Criticism of Postindependence Africa Beti returned to the novel with Remember Ruben and Perpetua and the Habit of Unhappiness, both published in 1974. In Remember Ruben, Beti emphasized the corruption of national politics through glimpses of the harshness of individual lives, a theme he explored again in Perpetua and the Habit of Unhappiness, a critique of the slavelike conditions of the modern woman in contemporary Africa. Critics praised both novels, commending Beti's new focus on African independence. Writing in CLA Journal in 1976, Smith maintained: “Mongo Beti has broken his silence, not to criticize the colonial past as was his custom, but to accuse the present period of independence and self-government, and to attempt to pave the way to a better future for Africa and Africans.”
Responses to Literature
- One critic has noted that Beti sought “to promote true liberty in Africa.” Read one of Beti's novels. Then write an essay in which you discuss how this novel reflects or aids this cause. Or, in contrast, write about how this particular novel seems to work against Beti's political and social goals. Use specific examples from the book to support your opinions.
- Beti lived in a self-imposed exile from Cameroon for over thirty years. With a group of your classmates, discuss what impact this absence might have had on his writings about his homeland. Also explore the ways in which his distance from the subject of his novels may have helped or hindered his writing. Use specific examples from Beti's work to support your ideas.
- At the end of his life, Beti became politically active in his native country. Write an essay that either supports or opposes the practice of novelists turning directly to politics to have an impact on the world.

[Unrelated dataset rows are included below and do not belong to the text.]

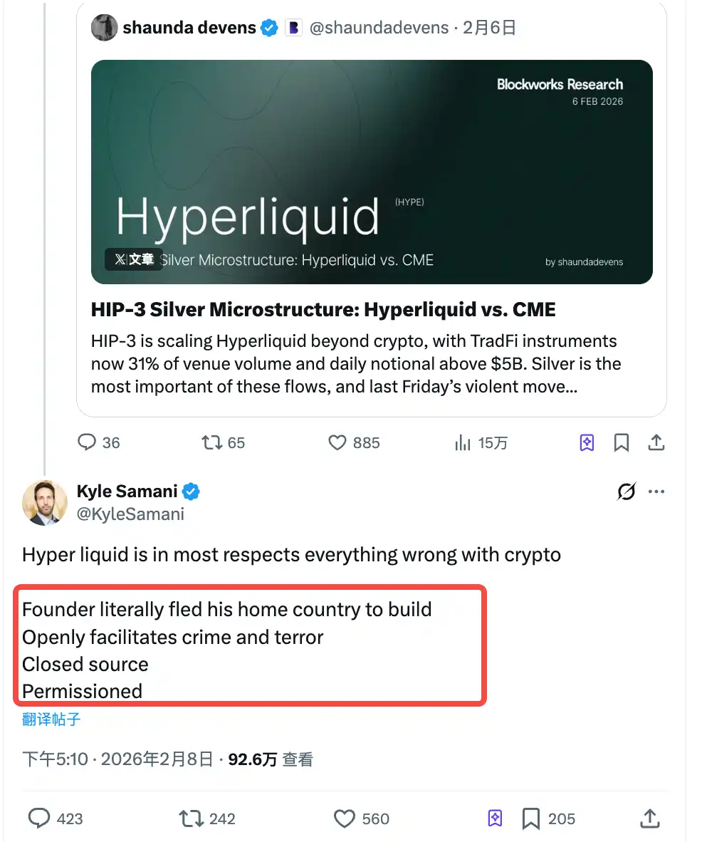 另一方面,你看 Arthur Hayes 没有反驳 Kyle 的任何一条指控,没有替 Hyperliquid 的闭源辩护,也没有解释 Jeff Yan 为什么搬去新加坡。
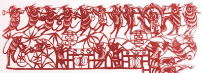 早在南北朝时期,已经出现了于“人日”在屏风上贴剪纸的习俗,开创了剪纸在室内装饰中发挥作用的先河。敦煌莫高窟内发现的装饰纸花是更为成熟的室内装饰剪纸。经过千余年的传承发展,装饰剪纸的品类日渐丰繁。今天,民间剪纸中的挂签、顶棚花、炕围花、灶头花,均属装饰剪纸。 挂签是贴在门媚上的剪纸,上沿贴牢,下面大部悬空,可随风飘动。挂签又叫“挂钱”、“挂千”、“过门笺”。清·富察敦崇《燕京岁时记》说:“挂千者,用吉祥语镌于红纸之上,长尺有飓,贴在门前,与桃符相辉映。其上有八仙人物者,乃佛前所悬也。是物民户多用之。其黄纸长三寸,红纸长寸余者,日小挂千,乃市肆所用也。”山东南部、江苏北部的郯城、邳县等地又有套色挂签,俗称“换堂于”。其法取五色彩纸剪刻成型,局部刻断,各部分相互调换、镶嵌,形成色彩绚烂的装饰效果。 顶棚花是贴在天花板上的剪纸,中央是一张大型的团花剪纸,四角贴上角花。这种布局俗称“四菜一汤”。民间新屋落成。新糊顶棚,以及过年过节、办喜事等都要换贴顶棚花。 炕围花是沿炕周围贴在墙上的剪纸。炕围花的作用不仅是装饰墙面,还具有重要的象征意义。以团花为主的对称布局,造成了很强的向心力;完整的装饰层次加强了室内祥和富足的气氛,暗示着生活的理想。
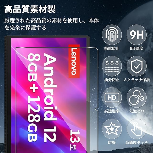 商品名:【2枚セット】For Lenovo Yoga Tab 13 フィルム 強化ガラス Ubefuu 9H硬度 耐衝撃 全面保護 高透過率 指紋防止 取り付け簡単 防水 気泡ゼロ Lenovo Yoga Tab 13 用 ガラスフィルム
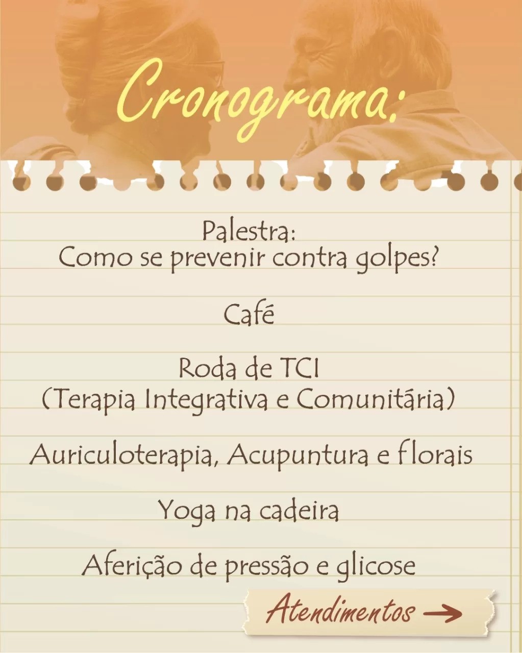A partir das 15h30, haverá atendimentos do Núcleo PICS (Práticas Integrativas e Complementares em Saúde), com auriculoterapia, acupuntura e florais. No mesmo horário, será realizada a prática de yoga na cadeira, especialmente voltada para pessoas idosas, conduzida pelo professor Paulo Monteiro do Yoga PSI.
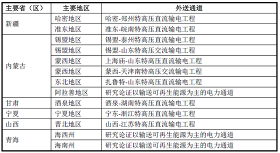 電力外送通道配置太陽能發(fā)電基地布局情況如下:

- Beti uses humor to show his disdain for the European system of colonialism in Africa. Write an essay analyzing his use of humor, discussing the ways that it detracts from his criticisms and the ways that it makes them more effective.
COMMON HUMAN EXPERIENCE
Beti's works are consistently critical of the colonial system in Africa, both before and after independence. Here are some other works that are similarly critical:
Things Fall Apart (1958), a novel by Chinua Achebe. This novel depicts tribal life in Nigeria both before and after the coming of the colonial system.
Concierto barroc (1974), a novel by Alejo Carpentier. This novel tells the story of the consciousness raising of an upper-class Mexican during the colonial period of the eighteenth century.
Waiting for the Rain (1975), a novel by Charles Mongoshi. This novel explores the effects of settler colonialism on African lives and culture through the story of an extended family living on a “native reservation” in Rhodesia.
BIBLIOGRAPHY
Books
Arnold, Stephen H., ed. Critical Perspectives on Mongo Beti. Boulder, Colo: Lynne Rienner, 1997.
Brench, A. C. The Novelists' Inheritance in French Africa. London: Oxford University Press, 1967.
Cartey, Wilfred. Whispers from a Continent: The Literature of Contemporary Black Africa. London: Heinemann, 1969.
Dramae, Kandioura. The Novel as Transformation Myth: A Study of the Novels of Mongo Beti and Ngugi wa Thiong. Syracuse, N.Y.: Maxwell School of Citizenship and Public Affairs, Syracuse University, 1990.
Gleason, Judith Illsley. This Africa: Novels by West Africans in English and French. Evanston, Ill.: Northwestern University Press, 1965.
Moore, Gerald. Seven African Writers. London: Oxford University Press, 1962.
Palmer, Eustace. The Growth of the African Novel. London: Heinemann Educational, 1979.
Pieterse, Cosmo, and Donald Munro, eds. Protest and Conflict in African Literature. New York: Africa Publishing, 1969.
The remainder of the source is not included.